Storytelling and integrated land-use models

Friday, March 30th, 2012

Clouclelis (2005) outlines the rethinking of integrated land-use models by orienting the article around three main roles that are interconnected: scenario writing, visioning, and storytelling. The details of the article more than suffice the upsides and downsides of urban planning history with regard to the computational and spatial planning world. The one role that intrigued me the most was that of storytelling. Storytelling, according to the article, strives to “build consensus by presenting particular desired or feared future developments in terms meaningful enough to be credible to non-specialists” (1354). I believe it to be a significant connection between qualitative, and quantitative attributes of planning systems. Clouclelis notes that there is much room for “interpretation and facts” derived from models, however planning emphasizes interpretation and values, a much more arbitrary combination (from a scientific stance anyways). There is a specific comfort that we find when relying on facts rather than values. The concreteness makes them somehow more plausible and tangible than individual intentions and agendas, hence having “models codify uncertain knowledge” (1359).
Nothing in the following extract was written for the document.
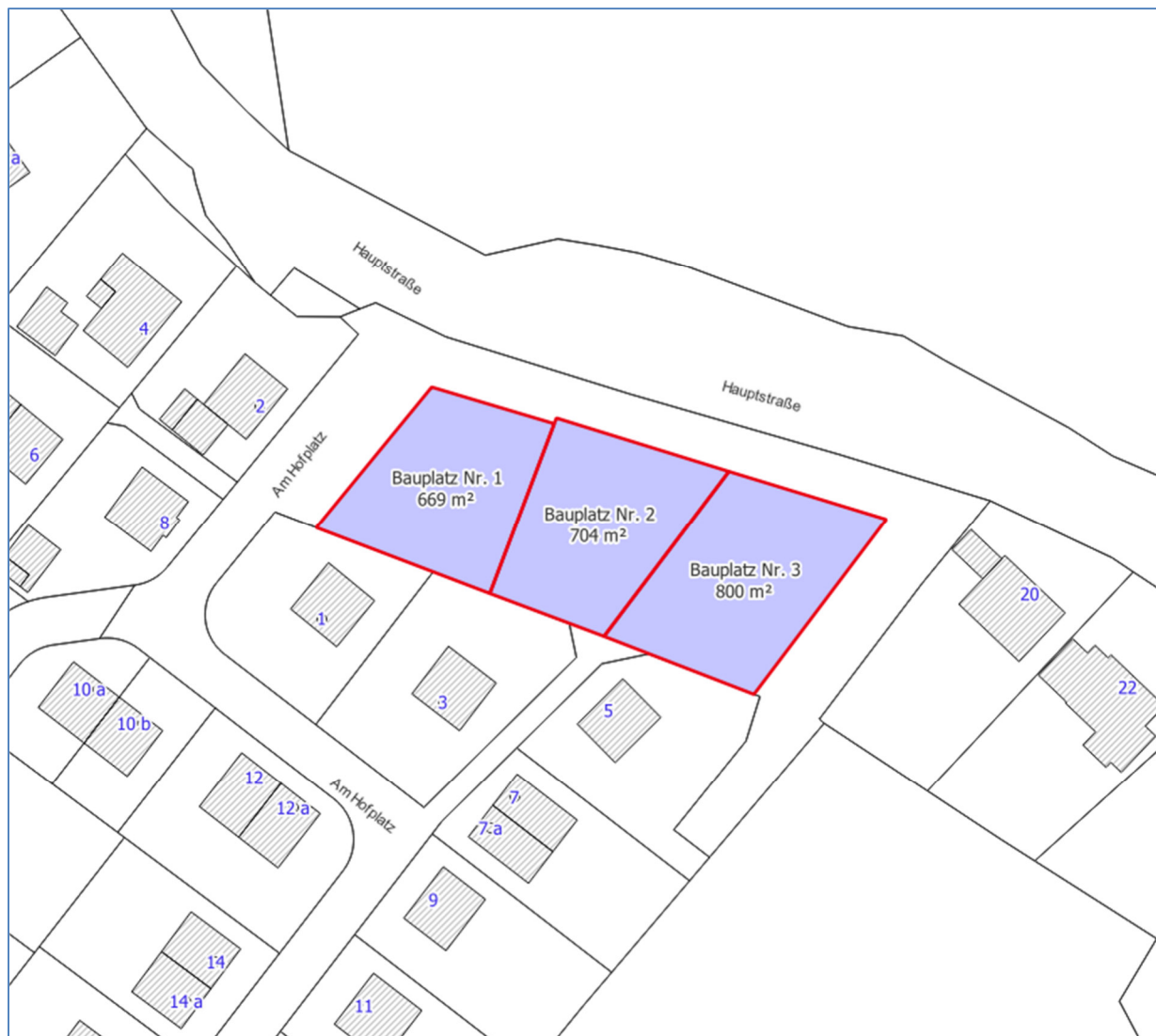
Bauplatzübersicht B-Plan Nr. 10 – 2. Änderung Todendorf (Am Hofplatz)

Die Gemeinde Todendorf veräußert kurzfristig 3 Bauplätze im Baugelbiet „Am Hofplatz“.

We hold planning accountable for a particular outcome. We expect it to “lead to certain action” (1359). The pressure only accelerates on planning to provide solutions to problems at hand. If we eliminate the jargon in expert language to enhance meaning to implemented models for the non-expert, we should develop methods that are creative, and can facilitate the process of finding a balance between non-specialist, and specialist interaction. What can we learn from both camps? In my opinion, storytelling in itself is not enough to be evocative. The way we tell it has to be compelling. Ideas, experimentation, and actions by means of imagination and sharing, can be significant contributions to successful storytelling.
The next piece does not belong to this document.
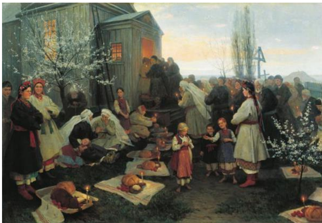
Микола Пимоненко. Великдень у Малоросії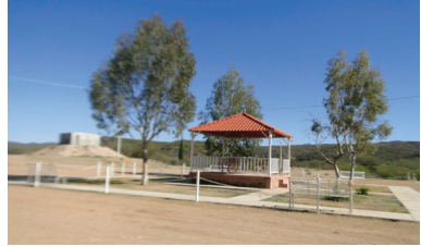
Plaza de Tuape, 2020

Aquí vivieron algunos personajes mineros que ocupaban cargos como Laureano Rascón de Prado, llegó con Pedro de Perea. Rodrigo de Aldana, Sargento mayor y minero de España, siendo uno de los más importantes; fue quien descubrió las minas de este Real, dictó medidas de orden en contra de los indios rebeldes, falleció en Tuape. De esto sólo queda la historia, una casa antigua de adobe, y la Iglesia.

Another problem I want to address is the lack of clarity of what type of planning support system is indeed necessary, and in need of support (1355). The individuals, groups and communities involved all hold multiple agendas. “At the metropolitan level, transportation, commuting, growth, and sprawl cannot be addressed by one community without direct implications for several others” (1358). Will it ever be possible to address everyone’s needs? Is that feasible, realistic or practical? If that is not an option, will compromise be enough for a potential solution? Or will it be inevitable that certain groups’ requests will be sacrificed and overlooked?

-henry miller

Agent-Based Models and Land-use Planning

Thursday, March 29th, 2012

I couldn’t help think about our lecture on agent-based modeling when I started to read Helen Couclelis’s article on coupling better models with land-use planning. I know that, here, Couclelis is thinking about a different kind of modeling than that often implied in agent-based modeling approaches. She first notes how “sour” the relationship between planning and the academy has gone (135). Then, after detailing the debate over whether or not a planning process utilizing models has any effect on actual land-use plans, Couclelis delves into how, in practice, actual physical planning has become a decentralized activity that doesn’t incorporate strategy (1357).
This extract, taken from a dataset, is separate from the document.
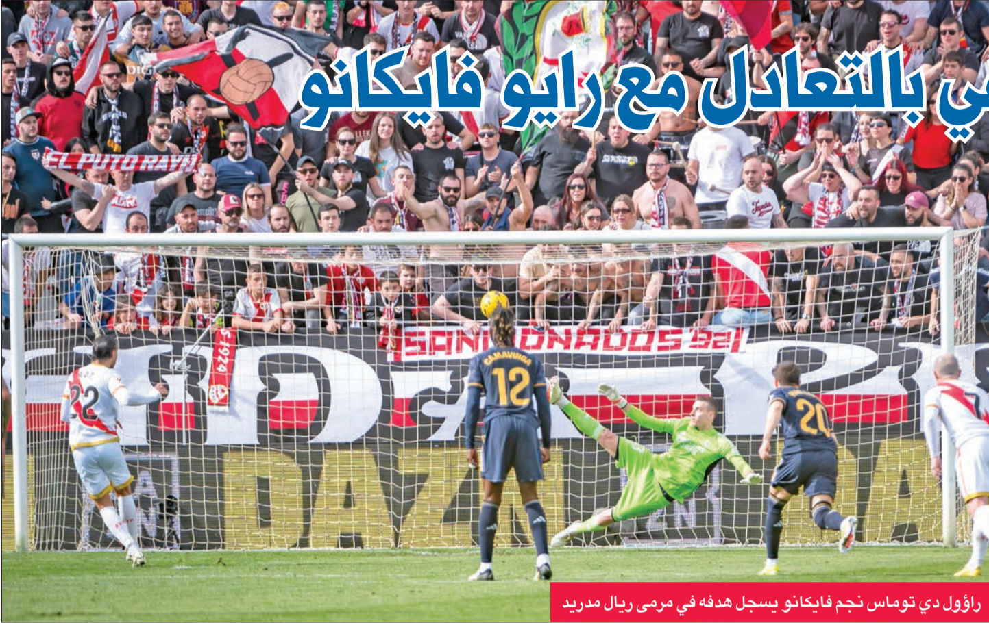
راؤول دي توماس نجم فايكانو يسجل هدفه في مرمى ريال مدريد

تعادل ريال مدريد مع مضيفه رايو فايكانو بهدف لمتله ضمن منافسات الجولة الـ 25 من الدوري الإسباني لكرة القدم.

I get it and I agree. The work being done on the ground, at least in North America, Couclelis argues no longer resembles any of the model runs done in academia. I think the quote Outdoor Addict utilized from the article sums up this problem well. In sum, the models have failed to predict the future accurately enough or, at least, keep up with land-use in practice. Even the “systematic effort to understand what makes certain things about the future predictable and others not, or how to prepare for genuinely unpredictable futures, have so far had only a negligible impact on land-use planning and modeling” (1360). So, what do we do?

Perhaps this is the problem inherent in any modeling process. We do not know that the future will follow the path layed-out in a model. We do not even know that the models initial parameters catch all the various variables and their interactions. Clearly, although she doesn’t say it quite so directly, modelers in this field are struggling with this problem. As Madskiier_JWong points out, uncertainty is the name of the game when it comes to modeling or trying to predict the future (essentially what modeling is when you unpack all its sophistication).

My suggestion: perhaps this is where agent-based modeling might come in. It seems from our previous lecture that agent-based modeling excels at representing lots of competing variables (or agents) and representing the emergent phenomenon that result from their disparate actions. In a land-use context, this might help us to better understand how certain sites might be used in future years and how they might handle such use. Couclelis does suggest this approach on page 1369 when she talks about assessing the cognitive and social dimensions of model interpretation so that modelers can move away from the macro level they currently operate on. Yet, she doesn’t devote much time to it, and such an approach  doesn’t fit within the confines of models she describes that try to predict varying types of land-use cover and changes to infrastructure. But it may add a valuable dimension. A quick search online shows that many people are, indeed, already trying to couple these two ideas.